Pour son nouveau récit, une passionnante enquête sur les chiens errants à paraître le 8 janvier chez POL, l'écrivain voyageur a sillonné la planète. C'est l'un des événements de la rentrée...
Du comportement général du chien errant, on tirera, avec Jean Rolin, cette conclusion d'abord qu'il est, notamment dans les pays en guerre, un «auxiliaire du désastre». Sa condition varie selon les hémisphères...
c'est le principal enseignement de son récit que de montrer que l'homme, dans les contrées où ces canidés sans foi ni loi pullulent, mène aussi une vie de chien...
C'est drôle, saisissant, passionnant. Mordant ?

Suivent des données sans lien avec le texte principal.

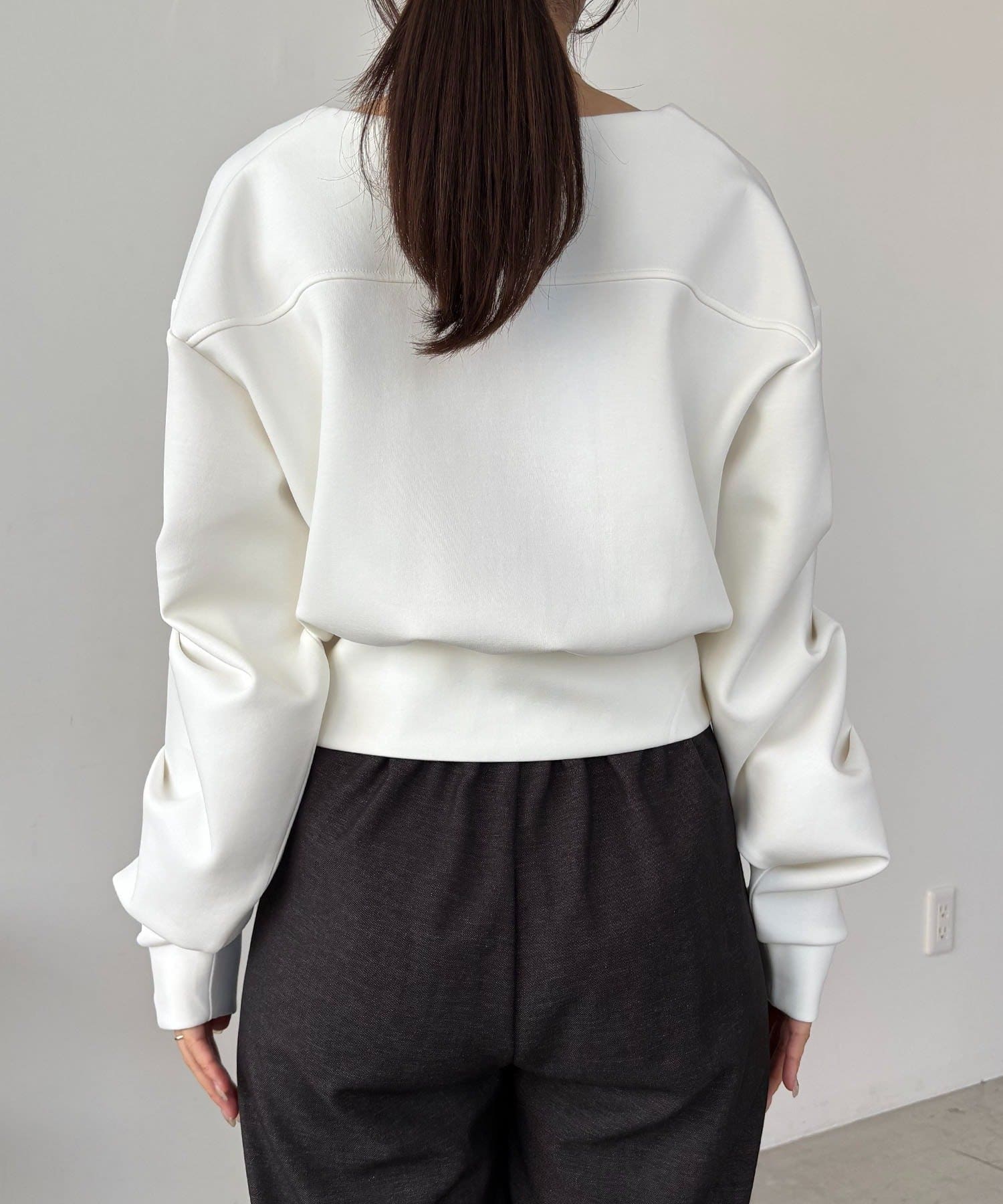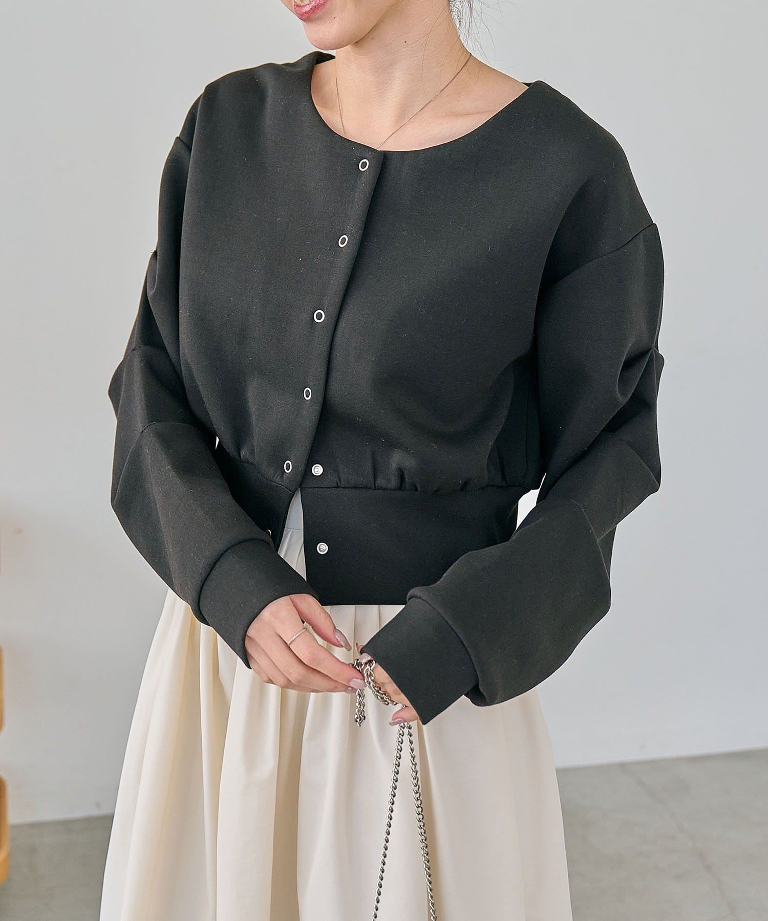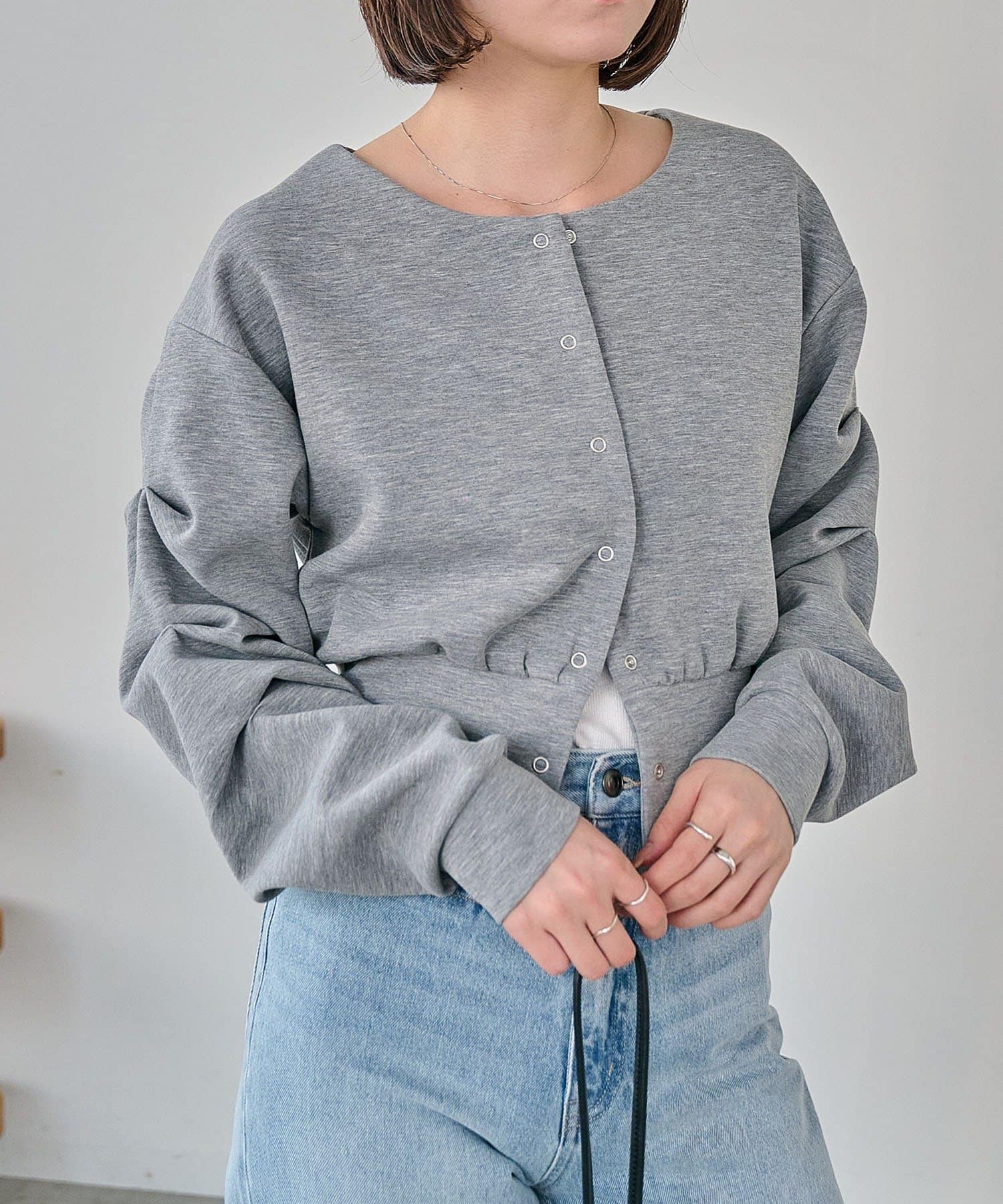 ・クロップ丈でどんなボトムにも合わせやすく、スタイルアップ効果も◎

  • Les courts extraits de livres : 18/12/2008

A peine étions-nous installés à l'hôtel Kasar que nous y avons reçu la visite des flics. Cela se passait dans les dernières années du XXe siècle, à Turkmen-bachy - autrefois Krasnovodsk - sur le littoral de la mer Caspienne. Nous occupions sur le même palier trois chambres séparées, d'un niveau de confort plutôt carcéral qu'hôtelier. Peu de temps avant l'arrivée de la police, je m'étais rendu dans la chambre de l'interprète afin de lui régler son dû. L'interprète avait des yeux verts, ou noisette, et de longs cheveux d'un roux très sombre, peut-être de cette nuance que l'on dit «acajou». Nous l'avions recrutée quelques jours auparavant à Achgabat, la capitale du Turkménistan, parmi le personnel plus ou moins polyglotte de la réception d'un grand hôtel : un établissement beaucoup plus luxueux que le Kasar, pour le coup, et auquel il ne manquait que quelques clients pour ressembler à n'importe quel hôtel de la même catégorie dans n'importe quelle capitale. Ce luxe, au moins apparent, et cette vacuité, communs à la plupart des hôtels d'Achgabat, éveillaient aussitôt l'idée que leur destination n'était pas d'accueillir des visiteurs, ou très secondairement. Quant au personnel, son abondance était inversement proportionnelle à celle des clients. Rien qu'à la réception de celui-ci, on devait compter une dizaine de personnes, parmi lesquelles mon choix d'un interlocuteur s'était porté sans hésitation sur la jeune femme aux cheveux d'un roux sombre, et dans le même mouvement je lui avais proposé de nous servir d'interprète pendant la durée de notre séjour dans le pays. Et le plus étonnant, c'est qu'elle avait accepté presque aussitôt, sans soumettre à l'examen qu'elle méritait, à mon avis, cette proposition si abrupte, émanant de deux types dont elle ne savait rien, sinon qu'ils venaient de loin et qu'ils prétendaient recueillir des informations sur les variations du niveau de la mer Caspienne.